A breach of confidentiality can happen for a variety of reasons. During board service, members sometimes have access to personal information or sensitive material concerning fellow board members, donors and supporters, the membership of the organization generally, and charitable beneficiaries. This may come up in discussions involving health, employment, or finances of certain people, or in consideration of potential conflicts of interest.
While a board member’s general awareness of fiduciary responsibilities would – in a perfect world – be enough to prevent problems, there are several good reasons for taking the time and effort to create and adopt a separate, written policy document.
Considering an issue well in advance of the development of a problem is always a good idea. Many nonprofit boards give their attention to crafting a confidentiality policy only after a crisis occurs. When that happens, the board must manage a dangerous and delicate situation in the heat of the moment and without a reliable guide to follow. This type of event can also create a sense of urgency to draft a hasty and possibly incomplete or ineffective policy for the future.
A confidentiality policy in place well ahead of time has multiple benefits: It educates the directors about their obligations and creates a clear standard of conduct.

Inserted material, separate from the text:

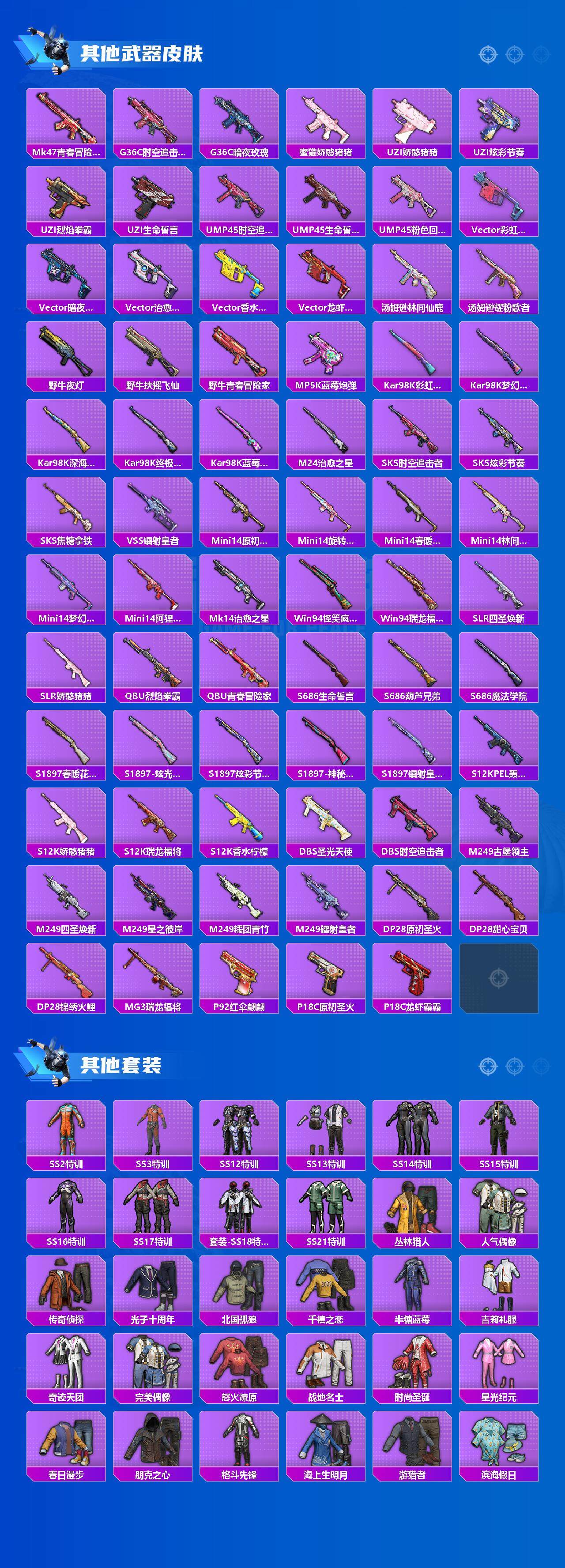 【稀有枪皮】:AKM-四圣焕新,AKM-夜灯,AKM-春暖花开,AKM-萌趣颜团子,AKM-虎虎生威,M16A4-凝视深渊,M16A4-生命誓言,SCAR-L-暗夜玫瑰,SCAR-L-炫彩节奏,SCAR-L-玉兔迎春,SCAR-L-生命誓言,M416-红色方程式,M416-绯红前夜,M416-葫芦兄弟,GROZA-彩虹符号,GROZA-林间仙鹿,GROZA-治愈之星,GROZA-蓝莓炮弹,AUG-耀粉歌者,AUG-青春冒险家,QBZ-原初圣火,QBZ-彩虹符号,QBZ-洛神天依,QBZ-潮汐统领,QBZ-电玩视界,M762-深海曼妙,M762-烈焰拳霸,M762-瑞龙福将,M762-镭射皇者,Mk47-林间仙鹿,Mk47-青春冒险家,G36C-时空追击者,G36C-暗夜玫瑰,蜜獾-娇憨猪猪,UZI-娇憨猪猪,UZI-炫彩节奏,UZI-烈焰拳霸,UZI-生命誓言,UMP45-时空追击者,UMP45-生命誓言,UMP45-粉色回忆,Vector-彩虹符号,Vector-暗夜玫瑰,Vector-治愈之星,Vector-香水柠檬,Vector-龙虾霸霸,汤姆逊-林间仙鹿,汤姆逊-耀粉歌者,野牛-夜灯,野牛-扶摇飞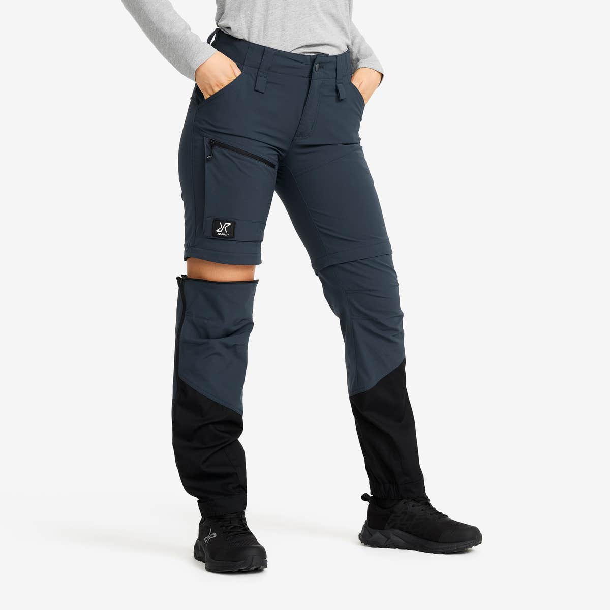 RVRC GP Pro Stretch Zip-Off Pants är våra mellantjocka vandringsbyxor som enkelt kan göras om till shorts när du är på språng. Deras andningsbara material, ventilationsdragkedjorna och de avtagbara benen gör dessa byxor ultimata för vandring i varmt väder. Praktiskt nog går dragkedjorna från nederkanten upp till mitten på låret, så att du kan ta av byxbenen utan att behöva ta av dig vandringskängorna. Materialet med 4-vägsstretch i kombination med slitstarkt canvas vid bensluten erbjuder en perfekt blandning av flexibilitet och hållbarhet. Bensluten kan justeras med knappar och är utrustade med kängkrokar, vilket gör dem smidiga att bära med vandringskängor. Med flera smarta förvaringsmöjligheter, inklusive en lårficka med en inbyggd meshficka för mobilen, kan du enkelt organisera dina viktigaste saker. Ta din vår- och sommarvandring till nästa nivå med RVRC GP Pro Stretch Zip-Off Pants, som ger dig ultimat bekvämlighet, andningsförmåga och flexibilitet när du är i rörelse.

Elements of a Confidentiality Policy

While, in a pinch, a short-form document may be useful – see for example samples suggested by the National Council of Nonprofits – this is the type of policy that should be thoughtfully developed with help from counsel. Each organization has unique features which should be addressed.
In crafting a written policy document, consider and include these items:

  • Identify the reasons a board confidentiality policy in your organization is needed or can be helpful.
  • List who the policy will cover. It may be advisable to cover not only board members, but also (in whole or in part) certain staff, committee members who are not on the board, and advisory board members.
  • Explicitly state and define the directors’ (and others’) duty of confidentiality.
  • Define what constitutes confidential information. Since nonprofits vary substantially in their missions, activities, and structures, this content should be custom designed.
  • Specify which matters are not confidential, especially in terms of applicable open-meeting laws.
  • State whether audio or video recordings are or are not allowed.
  • Clarify if, and how, a board member can obtain written authorization to release confidential information.
  • Explain the consequences of unauthorized disclosures.

Conclusion

Once the confidentiality policy is drafted, the board must formally approve it. It should be written into the bylaws and included in all board member handbooks. It should also be discussed as part of any new board member orientation, the new director should sign a statement indicating the policy has been read and understood.
Fiduciary duties are the basic responsibilities of board members. It’s more likely that directors will meet their duties when there is a formal written policy or policies explaining them clearly.